Gazeteci Almira Ahmedov İslam dininin tarihten günümüze kadar Rusya’da yayılmasını anlattı. 7. yüzyılda Emeviler ile Kafkaslara gelen İslamiyet, günümüzde 140 milyonluk nüfusu ile, dünyanın en kalabalık nüfuslarından biri olan Rusya’nın 20 milyonunun Müslüman olması ile sonuçlandı. Avrupa’da yaşayan Müslümanların yabancı göçmen kimliğine karşın, Rusya’da yaşayan Müslümanlar ülkenin kendi vatandaşları.
2008 Pekin Olimpiyatları’nda Rus atletlerin kazandığı 23 madalyanın 10’u Müslüman atletlerin başarılarının ürünü.
Rus Müslümanlarının ekserisi Volga-Ural bölgesi ve Kuzey Kafkasya’da yaşıyor. Moskova ve Saint Petersburg gibi Rusya’nın diğer yerlerinde de azımsanmayacak bir Müslüman nüfus bulunuyor.
Rusya Federasyonu’nda Müslümanların hakim olarak yaşadığı yedi cumhuriyet: Volga-Ural bölgesindeki Başkırdistan ve Tataristan ve Kuzey Kafkasya’daki Çeçenya, İnguşya, Dağıstan, Karaçay-Çerkezya ve Kabardey-Balkarya.
Yüz yıl boyunca komünizmin zulmü altında ezilmiş ve manevi yönden pek çok değerini yitirmiş olan Rus toplumunun üzerindeki bozulmalardan kurtulması ülkede İslam ahlakının yayılması ile mümkündür. Komünizm döneminde, ahlaki açıdan bozulmadan kalabilmiş olan Türk devletlerinin ‘Türk İslam Birliği’ çatısı altında birleşmesi, Rusya’nın içinde bulunduğu maddi ve manevi krizden çıkmasında önemli rol oynayacaktır.
Adnan Oktar Azerbaycan 525 Gazetesi ve Azerbaycan Haber Ajansı’na verdiği mülakatta Türk İslam Birliği ile Rusya’nın siyasi ve ekonomik anlamda tam bir güvence altına gireceğini şöyle anlatmıştır:
“Ama Rusya’ya bir kere güvence verilmesi çok önemlidir ve rencide etmemek çok önemlidir.
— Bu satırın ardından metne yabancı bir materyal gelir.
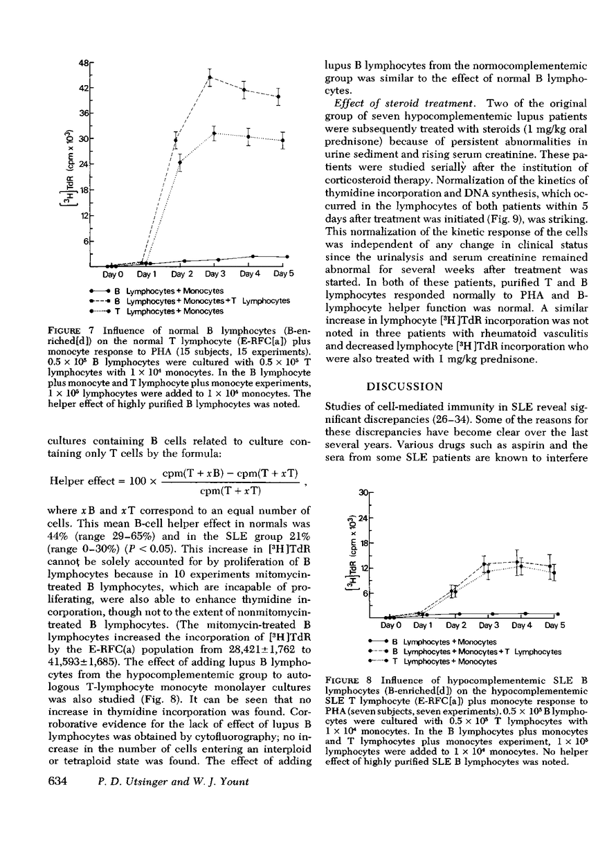 The phytohemagglutinin (PHA) response of lymphocytes from untreated patients with systemic lupus erythematosus (SLE) was studied using highly purified subpopulations of cells involved in the transformation response: T lymphocytes, B lymphocytes, and monocytes. Cell transformation was quantitated using both tritiated thymidine ([3H]-TdR) incorporation into DNA and cytofluorographic determination of cellular DNA content. Dose-response curves using six concentrations of PHA and five concentrations of cells over 0-5 days revealed a decrease in [3H]TdR by stimulated lymphocytes from some SLE patients. This decrease in [3H]TdR was paralleled by a decreased percentage of cells in S, G2, and M phases of the cell cycle. However, abnormal response occurred entirely in those SLE patients who were hypocomplementemic. The etiology of the impaired response was further examined. Lymphocyte receptors for concanavalin A were studied using cytofluorography of lymphocytes stained with fluorescein-conjugated concanavalin A. The frequency distribution of concanavalin A receptors was similar in the normocomplementemic and hypocomplementemic lupus patients and in normals. The latex phagocytic activity of lupus macrophages was similar to normals when allogeneic normal plasma was used in the culture medium. Phagocytic activity became abnormal in the presence of SLE plasma. However, there was no difference in the [3H]TdR response or the percentage of cells in S, G2, and M phases when T lymphocytes from the hypocomplementemic patients were stimulated on either autologous or normal allogeneic monocyte monolayers. Likewise, normal lymphocytes incorporated similar amounts of [3H]TdR and had similar percentages of cells in S, G2, and M phases whether their T lymphocytes were stimulated on autologous or SLE monocyte monolayers. Highly purified subpopulations of B and T lymphocytes were obtained by density sedimentation or Fenwal Leuko-Pak passage of lymphocyte populations. The response to PHA by lymphocytes from the hypocomplementemic lupus patients could be seen to involve at least two abnormalities. One, in reference to normal lymphocytes, SLE T lymphocytes plus monocytes had an impaired response; two, SLE B lymphocytes plus SLE T lymphocytes plus SLE monocytes had an impaired response. Two patients in the hypocomplementemic group were treated with steroids. 5 days after steroid treatment was initiated, the percentage of cells in S, G2, and M phases and the [3H]TdR response of PHA-stimulated lymphocytes returned to normal. The normalization of the [3H]TdR response was explained both by a return of purified T cells plus monocytes, purified B cells plus monocytes, and whole lymphocyte populations to normal responsiveness. These studies suggest that a steroid-correctable defect exists in T and B lymphocytes in SLE.
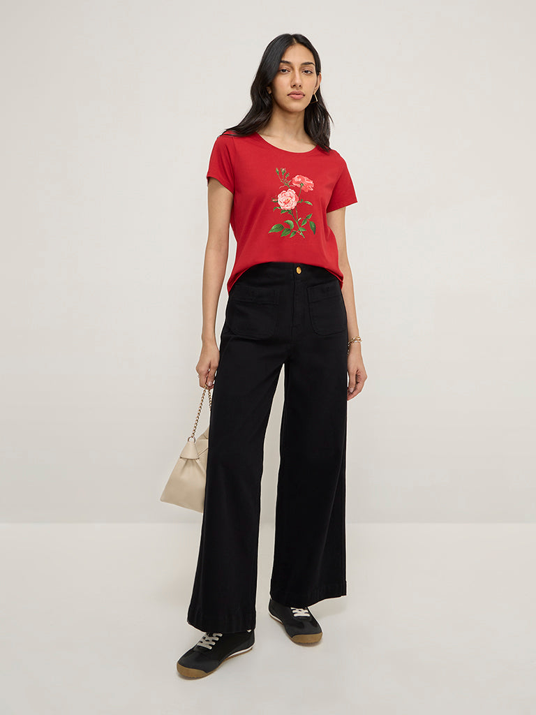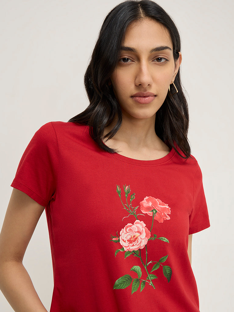 Be the first to review “LOV Red Floral Pattern Cotton T-Shirt”
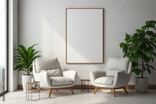 Modern Aesthetic Interior Design with Small Blank Poster Created with Generative AI
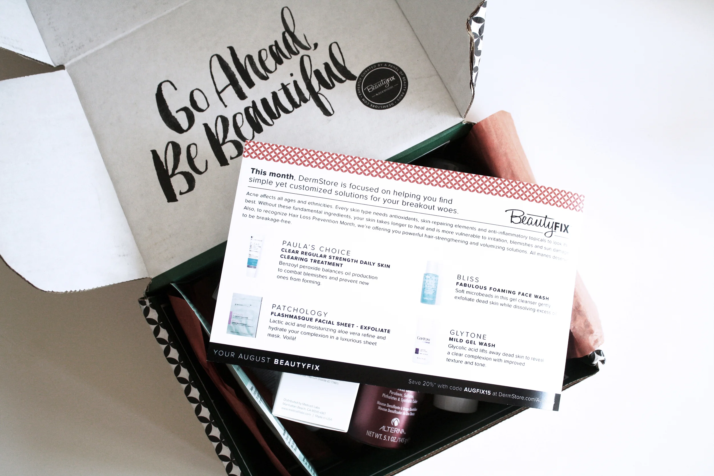 Since my recent move to Los Angeles, my skin has been completely acting up. I have really sensitive skin to begin with, so the move has really taken it's toll on my skin. I've been getting both a lot of small and quite large ugly spots. It's like Dermstore heard me cry out because this month, the Dermstore BeautyFIX box is focused on treating acne! The first thing I noticed when I opened this month's box was that the products are huge and almost seem like full size products! They're so much bigger than any other monthly subscription I've tried!
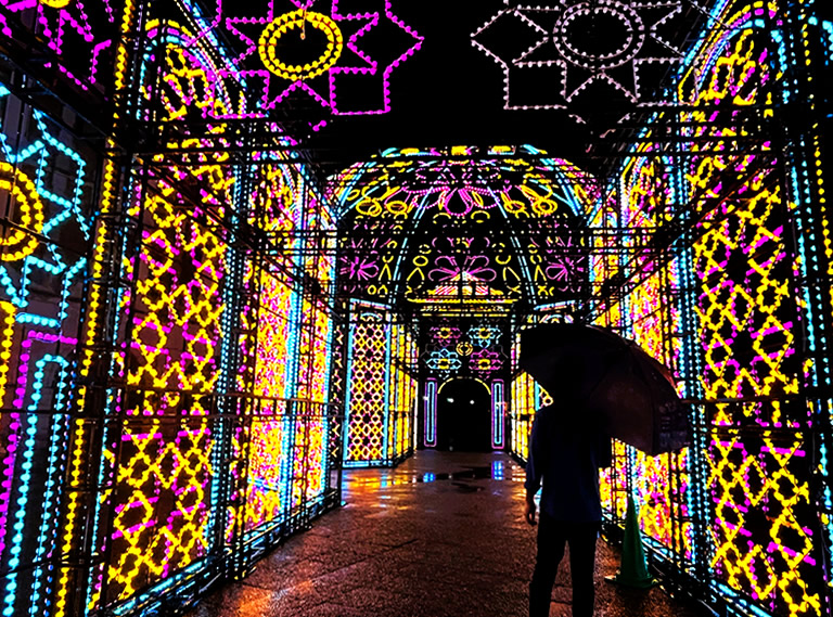氷のトンネルをイメージした「アイストンネル」やアラビアンナイトの壮麗さを再現した「アラビアンパレス」など過去の人気イルミネーションも再登場。
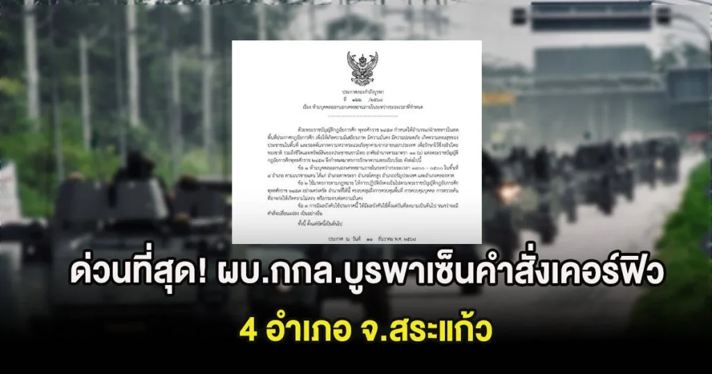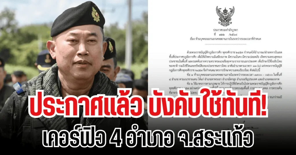 บังคับใช้ทันที! กองกำลังบูรพา ประกาศเคอร์ฟิว 4 อำเภอ จ.สระแก้ว เปิดห้วงเวลาที่กำหนด
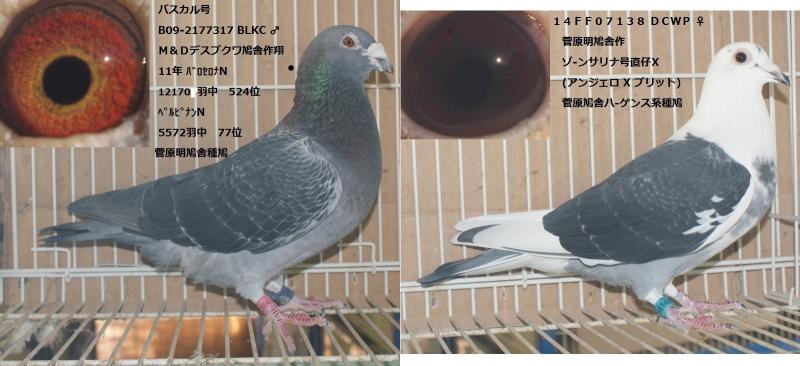 父親”パスカル号”「BV09−2177317 BLKC」デブスクワ兄弟鳩舎作翔 11年ペルビナンN5472羽中77位 同IN15107羽中264位 バルセロナN12170羽中524位入賞鳩で、ロジャー・バルセロナ号父親の”ド・エミール号”の孫鳩です。---掲載写真参照してください。
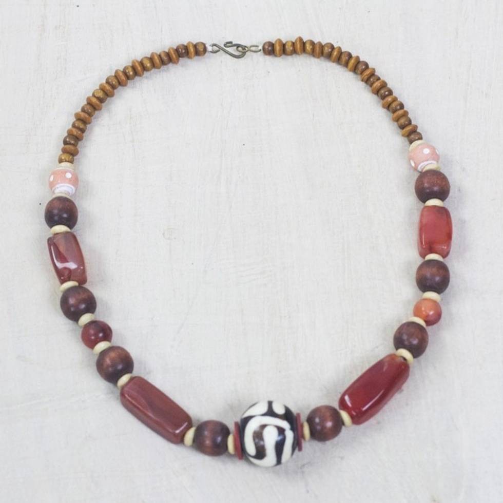 Handcrafted Beaded Agate and Bone Necklace from Africa 'Maneray' Item ID: 2671807145

Yani, Rusya’yı mahcup etmek, küçük düşürmeye kalkmak bu yakışık almaz. Bir de tecrit etmek yalnızlığa itmek çok kötü bir şey. Yani Rusya’yı bir yalnızlığa itme politikası var bazı ülkelerin. Rusya’yı yalnızlığa itmek demek buradaki milyonlarca masum insanı bir anlamda yok etmek demektir. Bu vicdanlı bir davranış değil ki. Rus milleti asil millettir. Güzel insanlar Ruslar, yani niçin yok olsunlar, niçin ezilsinler, niye mağdur duruma düşsünler. Onun için onlara bu güvencenin şiddetle verilmesi çok önemli. Biz Rusya’nın dostuyuz. Her türlü faaliyette yanındayız. Askeri yönden de hiçbir risk yoktur. Hatta anlaşmada yapılabilir Rusya ile saldırmazlık yönünde bir pakt imzalanıp hiçbir şekilde böyle bir şey olmayacak diye garanti verilebilir. Bir de Rusya Türkiye’ye niye saldırsın.”
“Türkiye ile Rusya el ele verse Rus ekonomisi de adeta şahlanır. Ermeni ekonomisi de adeta şahlanır. Türk ekonomisi de şahlanır. Ama düşmanlıklarda ve mücadelede ekonomi kasılır kalır, fakirlik yayılır. Yani, insanların telif gücü kalmaz artık insanların kafası çalışmaz hale gelir. Düşmanlık insanı hasta eder, rahatsız eder.”